NETGEAR is aware of a growing number of phone and online scams. To learn how to stay safe click here.
Forum Discussion
JDFuzz
Oct 26, 2020Aspirant
Volume Degraded after disk replacement
Hi I hope somebody can help me!
I got a message one day saying one of my two disks have failed (both 4xTB WD reds).
So I replaced the bad one with a 4TB Seagate Ironwolf as the newer WD reds had bad reviews,
After re-syncing the first time, the volume was still degraded. I had this message in my logs.
"Volume: The resync operation finished on volume data. However, the volume is still degraded."
Everytime I shut this thing down and it boots up again, it begins to resync which takes all day. At this point I'm not sure what to do. I'd try a factory reset after backing up my data but I do not have the storage capacity to do that without the NAS.
I saw a similar post asking for logs, so below is disk_info and mdstat.
Thank you!
disk_info
Device: sda Controller: 0 Channel: 0 Model: WDC WD40EFRX-68WT0N0 Serial: WD-WCC4E3RDS3R9 Firmware: 82.00A82W Class: SATA RPM: 5400 Sectors: 7814037168 Pool: data PoolType: RAID 1 PoolState: 3 PoolHostId: 1177b65c Health data ATA Error Count: 0 Reallocated Sectors: 0 Reallocation Events: 0 Spin Retry Count: 0 Current Pending Sector Count: 2163 Uncorrectable Sector Count: 0 Temperature: 34 Start/Stop Count: 4057 Power-On Hours: 23338 Power Cycle Count: 754 Load Cycle Count: 4080 Device: sdb Controller: 0 Channel: 1 Model: ST4000VN008-2DR166 Serial: ZGY7LFFH Firmware: SC60 Class: SATA RPM: 5980 Sectors: 7814037168 Pool: data PoolType: RAID 1 PoolState: 3 PoolHostId: 1177b65c Health data ATA Error Count: 0 Reallocated Sectors: 0 Reallocation Events: 0 Spin Retry Count: 0 End-to-End Errors: 0 Command Timeouts: 0 Current Pending Sector Count: 0 Uncorrectable Sector Count: 0 Temperature: 30 Start/Stop Count: 8 Power-On Hours: 45 Power Cycle Count: 5 Load Cycle Count: 51
mdstat
Personalities : [raid0] [raid1] [raid10] [raid6] [raid5] [raid4]
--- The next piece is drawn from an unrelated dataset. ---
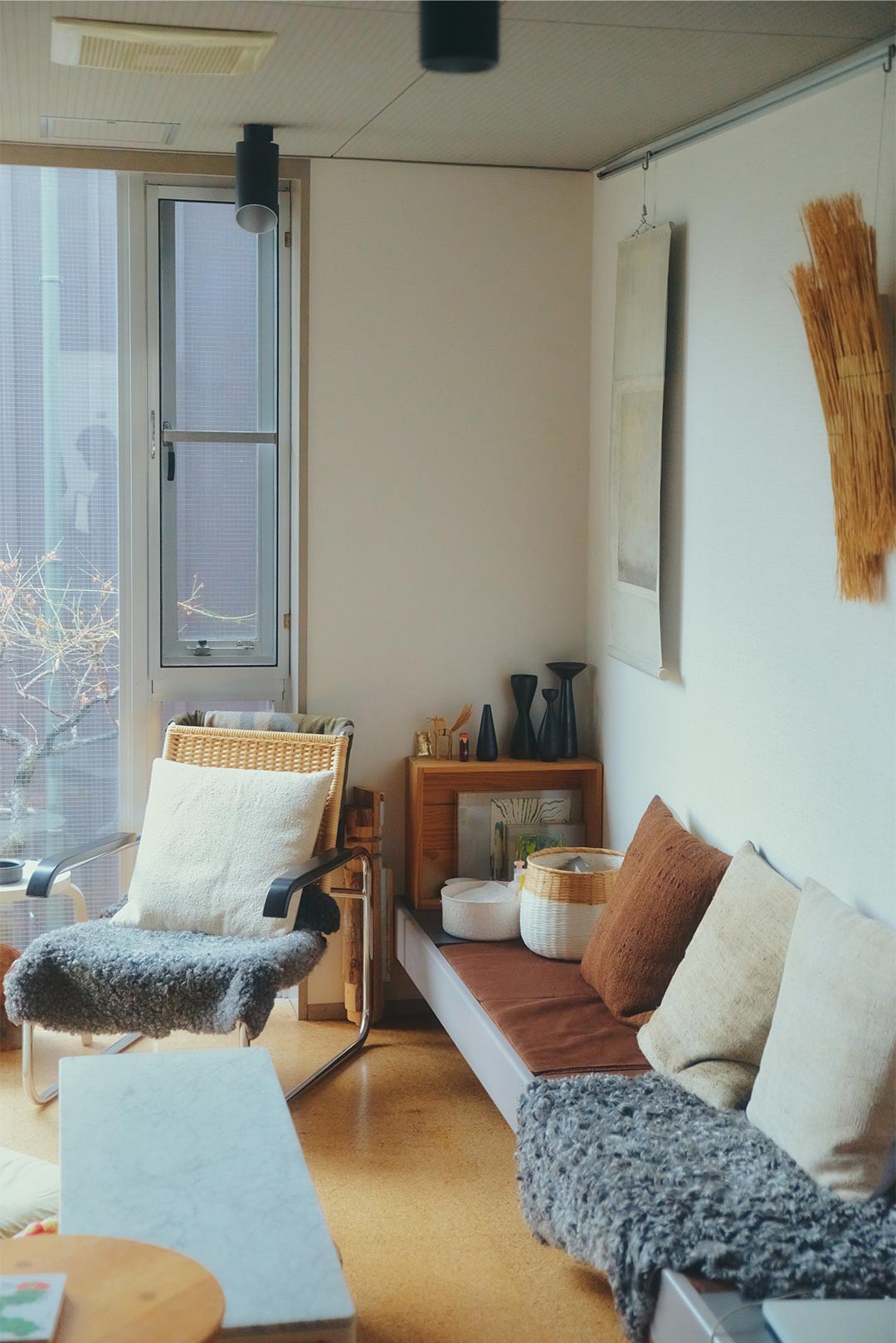リビングの壁一辺には、造り付けのローカウンターが。一部クッションが埋め込まれており、ベンチとしてデザインされている。アームチェアは〈トーネット〉の貴重なヴィンテージ。「アームチェアの頭上にある窓辺のライトだけ、明かりが外へ漏れないように、傘が斜めにカットされています」。手前のウォールスカルプチャーは、藁作家のARKOさんの作品。

md1 : active raid1 sdb2[1] sda2[0]
523264 blocks super 1.2 [2/2] [UU]
md127 : active raid1 sdb3[2](S) sda3[0]
3902166784 blocks super 1.2 [2/1] [U_]
md0 : active raid1 sdb1[2] sda1[0]
4190208 blocks super 1.2 [2/2] [UU]
unused devices: <none>
/dev/md/0:
Version : 1.2
Creation Time : Tue Jan 3 18:50:48 2017
Raid Level : raid1
Array Size : 4190208 (4.00 GiB 4.29 GB)
Used Dev Size : 4190208 (4.00 GiB 4.29 GB)
Raid Devices : 2
Total Devices : 2
Persistence : Superblock is persistent
Update Time : Mon Oct 26 20:57:19 2020
State : clean
Active Devices : 2
Working Devices : 2
Failed Devices : 0
Spare Devices : 0
Consistency Policy : unknown
Name : 1177b65c:0 (local to host 1177b65c)
UUID : 9fc60477:074fbd3b:2f491de7:c513f18b
Events : 5324
Number Major Minor RaidDevice State
0 8 1 0 active sync /dev/sda1
2 8 17 1 active sync /dev/sdb1
/dev/md/data-0:
Version : 1.2
Creation Time : Tue Jan 3 18:50:48 2017
Raid Level : raid1
Array Size : 3902166784 (3721.40 GiB 3995.82 GB)
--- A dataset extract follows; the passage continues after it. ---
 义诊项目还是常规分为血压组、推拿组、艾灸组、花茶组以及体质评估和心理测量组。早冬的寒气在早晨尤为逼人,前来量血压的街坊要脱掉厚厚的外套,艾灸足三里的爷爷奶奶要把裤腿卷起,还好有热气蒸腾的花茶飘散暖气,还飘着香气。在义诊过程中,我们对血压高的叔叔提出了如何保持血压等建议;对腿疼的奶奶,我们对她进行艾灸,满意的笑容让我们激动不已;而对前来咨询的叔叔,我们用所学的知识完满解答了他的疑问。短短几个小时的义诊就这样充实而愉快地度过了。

Used Dev Size : 3902166784 (3721.40 GiB 3995.82 GB)
Raid Devices : 2
Total Devices : 2
Persistence : Superblock is persistent
Update Time : Mon Oct 26 20:48:18 2020
State : clean, degraded
Active Devices : 1
Working Devices : 2
Failed Devices : 0
Spare Devices : 1
Consistency Policy : unknown
Name : 1177b65c:data-0 (local to host 1177b65c)
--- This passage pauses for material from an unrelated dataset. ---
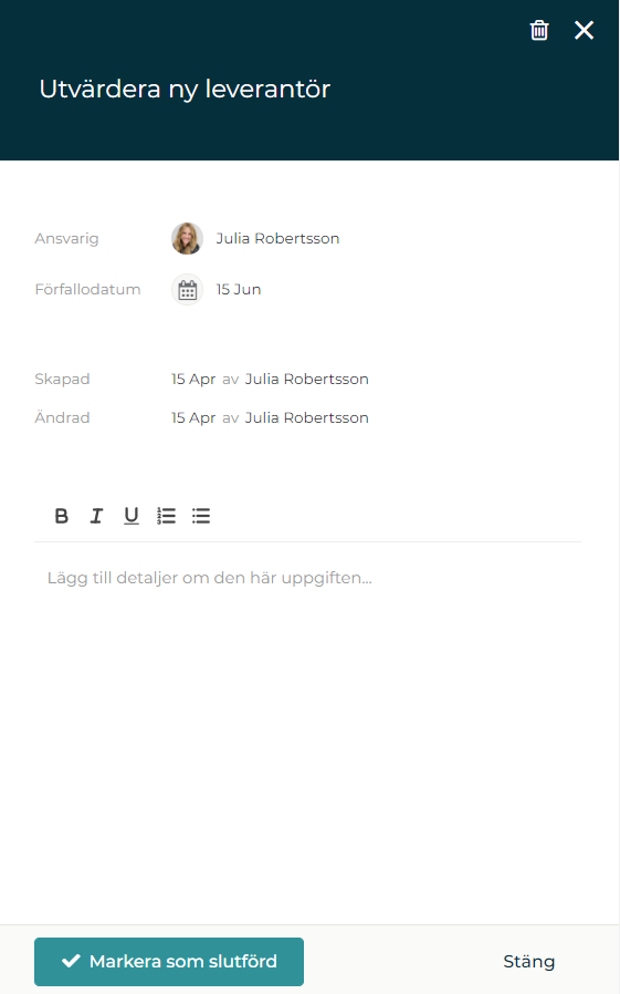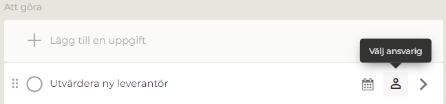 3. Lägg till vem som är ansvarig för uppgiften genom att klicka på personsymbolen och välj vem i teamet som ska tilldelas uppgiften.

UUID : da7276bb:de92440c:3630b8ff:39b87372
Events : 5565
Number Major Minor RaidDevice State
0 8 3 0 active sync /dev/sda3
- 0 0 1 removed
2 8 19 - spare /dev/sdb34 Replies
Replies have been turned off for this discussion
- StephenBGuru - Experienced User
This confirms that the data volume is degraded:
md127 : active raid1 sdb3[2](S) sda3[0] 3902166784 blocks super 1.2 [2/1] [U_]It should say [UU].
But it's hard to say why, since the new disk looks healthy. Try downloading the full log zip file, and look for errors in system.log and kernel.log.
You might also look at the bottom of volume.log, and see if there is anything useful listed there (in the === maintenance history === section).
You shouldn't post the full log zip here. But you can ask the mods ( JohnCM_S and Marc_V ) to review them for you. What you need to do is first upload the log zip to cloud storage (google drive, onedrive, dropbox, etc). Then send a private message (PM) to the mods, using the envelope icon in the upper right of the forum page. Include a download link to the log zip, and also a link to this forum thread.
- SandsharkSensei
One possibility is that the new drive is unhealthy, though not totally dead. It does happen. I recommend testing it in a PC (connected via USB dock or internal SATA) with Seatools.
- JDFuzzAspirant
Hey, Thanks for taking the time to reply!
It turns out that my essentials files were only around 300GB which I could offload and then perform a factory reset.
After the fresh install and resync. It runs perfectly now!
So can we safely rule out hardware at this point ?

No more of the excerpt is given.